PhD Defense ‘The Interplay between Early-life Conditions, Major Events and Health Later in Life’

TI PhD student Rob Scholte will defend his dissertation entitled ‘The Interplay between Early-life Conditions, Major Events and Health Later in Life’ on Monday October 14th at the VU  Amsterdam. His supervisors are professor and TI fellow Gerard van den Berg and professor and TI fellow Maarten Lindeboom.

Rob Scholte examines in his dissertation the interplay between early-life conditions, major events and health later in life. The results of his research point at the importance of conditions early in life.

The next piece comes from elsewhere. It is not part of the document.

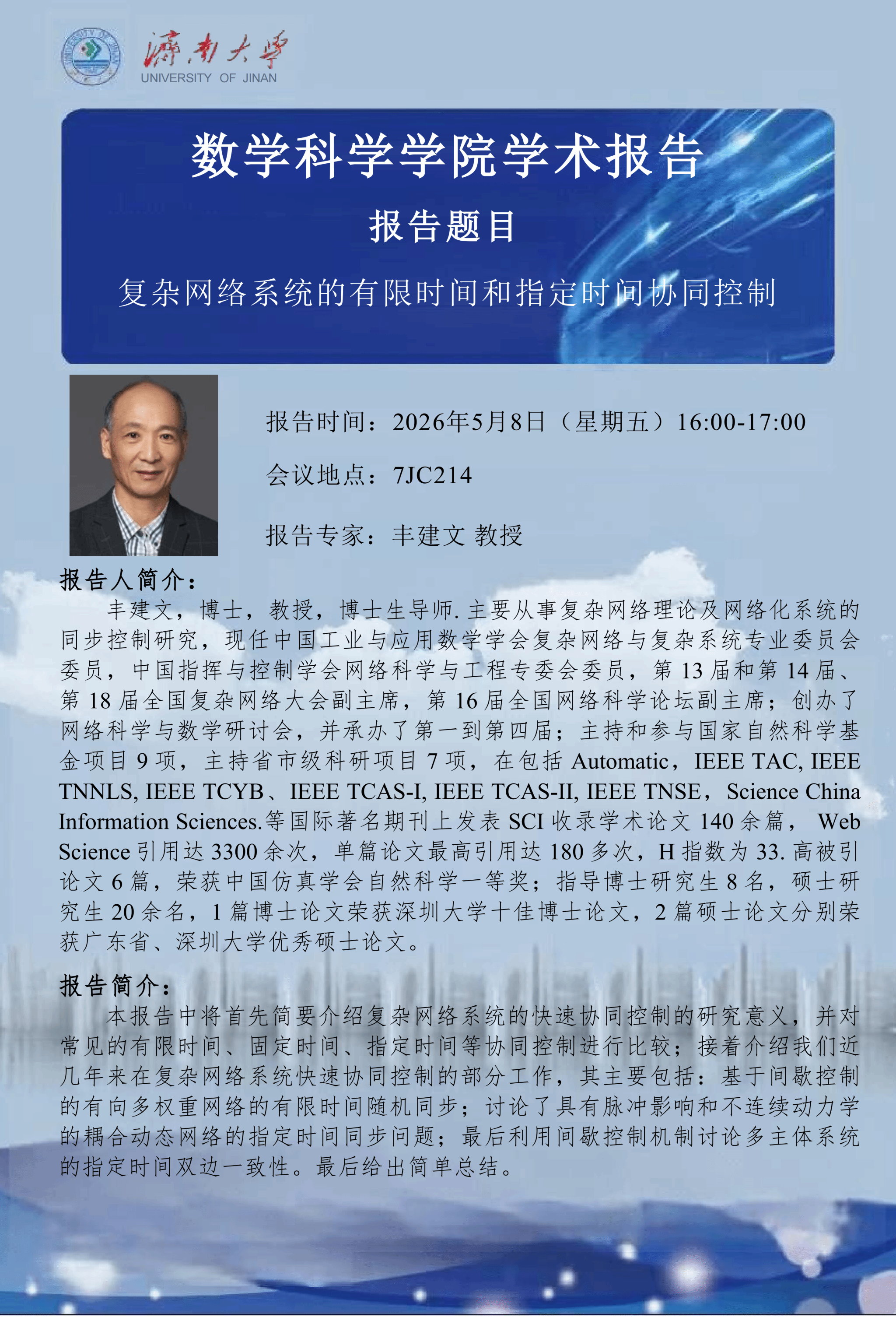 成人论坛 学术报告:复杂网络系统的有限时间和指定时间协同控制

This emphasizes the importance of providing good education and guidance to pregnant women. The results also have implications for the demand for health care and labor market productivity of currently aging cohorts. Knowledge of long-run effects of adverse conditions early in life is as well important for the targeting of policy programs. The productivity of programs aimed at young individuals is presumably relatively high. Finally, this dissertation provide insight into the health effects of major life events and ease the identification of individuals who are most vulnerable to these shocks. Rob Scholte concludes: in utero malnutrition has long-run effects on hospitalization rates and labor market participation. Furthermore, a differential impact of major adverse life events is an underlying part of the widely documented relation between early-life conditions and health later in life.